** Opening PROVIDED MATERIAL block **

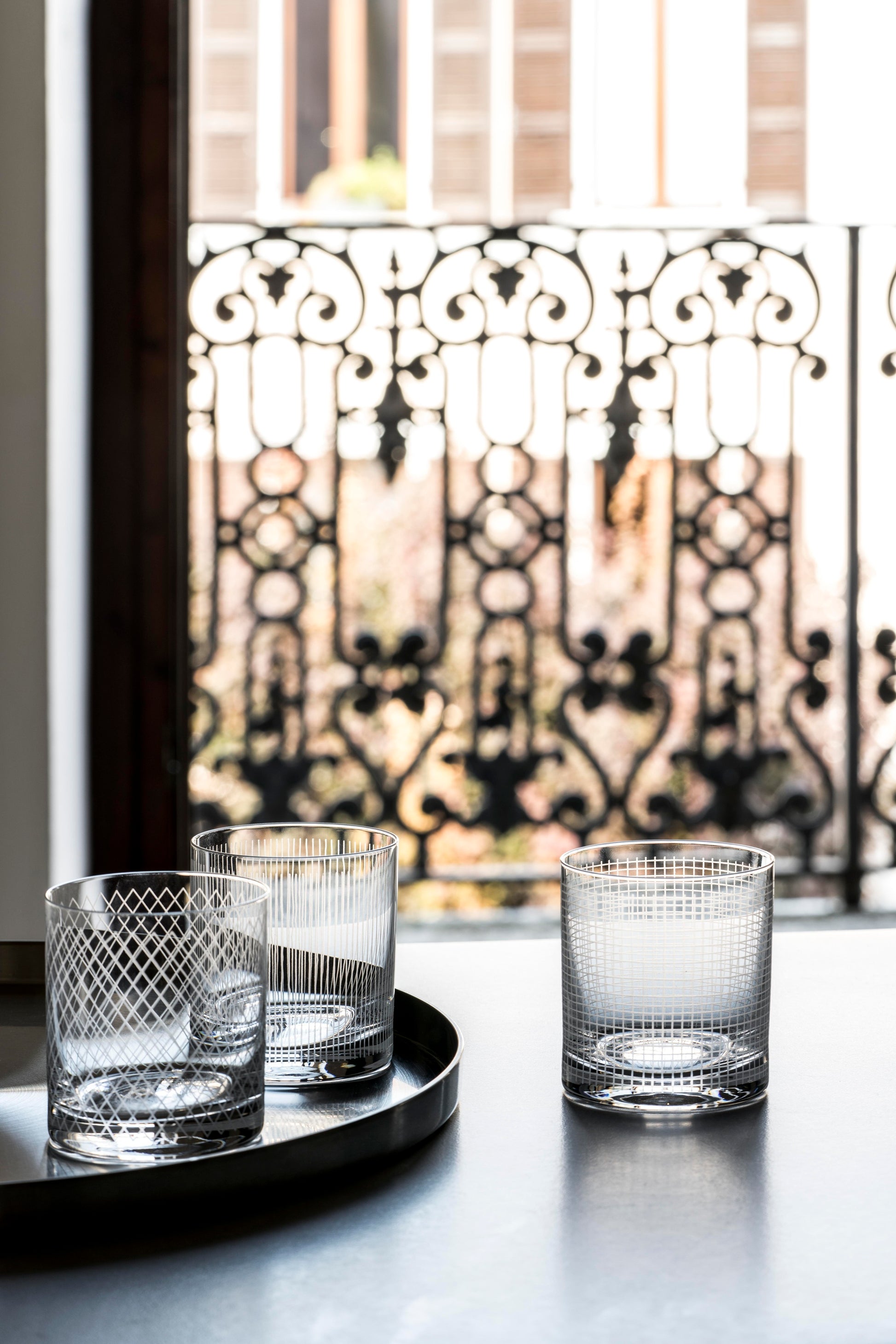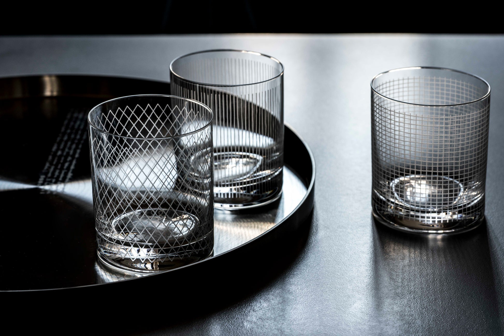 The textures created for the Paesaggi collection in Fine Bone China are repeated on the glasses, giving life to innovative and creative combinations.
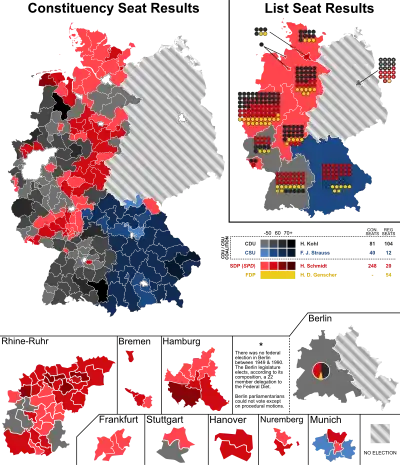 ![]() The left side shows the winning party vote in the constituencies, the right side shows the seats won by parties in each of the states. The pie chart over West Berlin shows the partisan composition of its legislature. | |||||||||||||||||||||||||||||||||||||
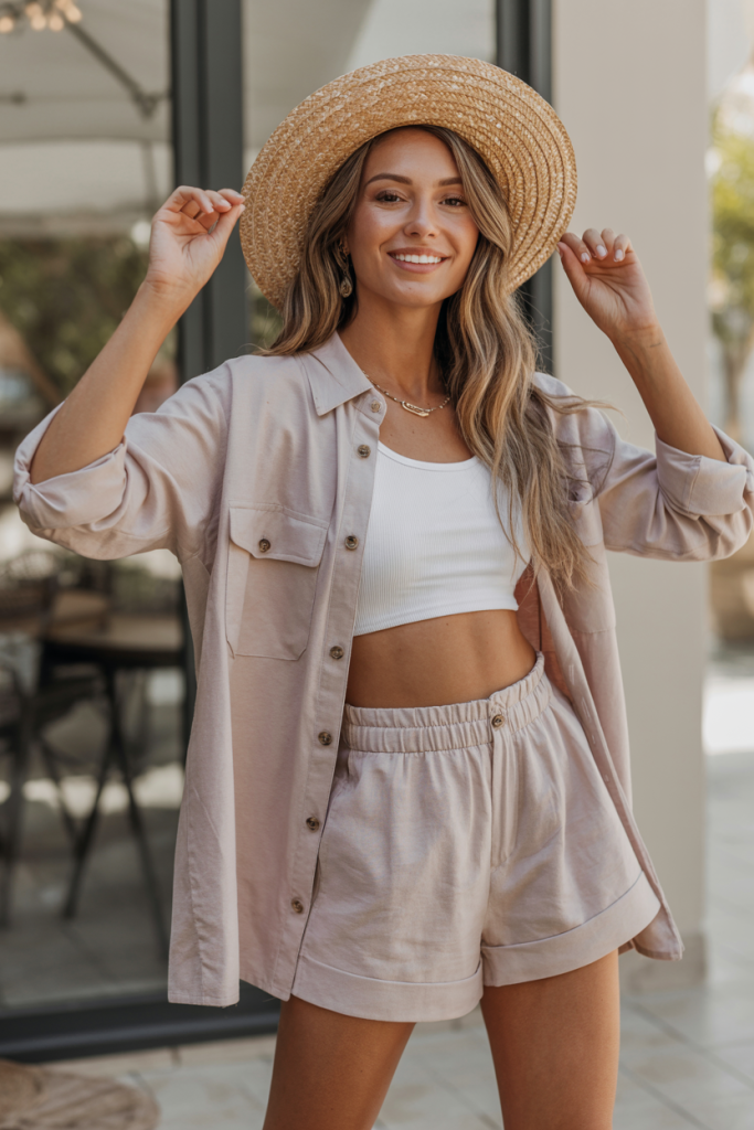 Nothing says spring comfort like linen blend separates. A matching set consisting of a relaxed-fit button-down shirt and tailored shorts or capri pants in a breathable linen blend is perfect for a warm Easter day. Choose natural tones or soft pastels. Wear the shirt untucked or half-tucked for a laid-back feel. Accessorize with a wide-brimmed straw hat and comfortable slides or flat espadrilles.

** Closing PROVIDED MATERIAL block **

Transcribe the opening line of the listing above, please, and every line after it through the line with "legislature. | |||||||||||||||||||||||||||||||||||||", word for word, without pictures.

> **RESULT OF THIS EXERCISE**
 The textures created for the Paesaggi collection in Fine Bone China are repeated on the glasses, giving life to innovative and creative combinations.
 ![]() The left side shows the winning party vote in the constituencies, the right side shows the seats won by parties in each of the states. The pie chart over West Berlin shows the partisan composition of its legislature. | |||||||||||||||||||||||||||||||||||||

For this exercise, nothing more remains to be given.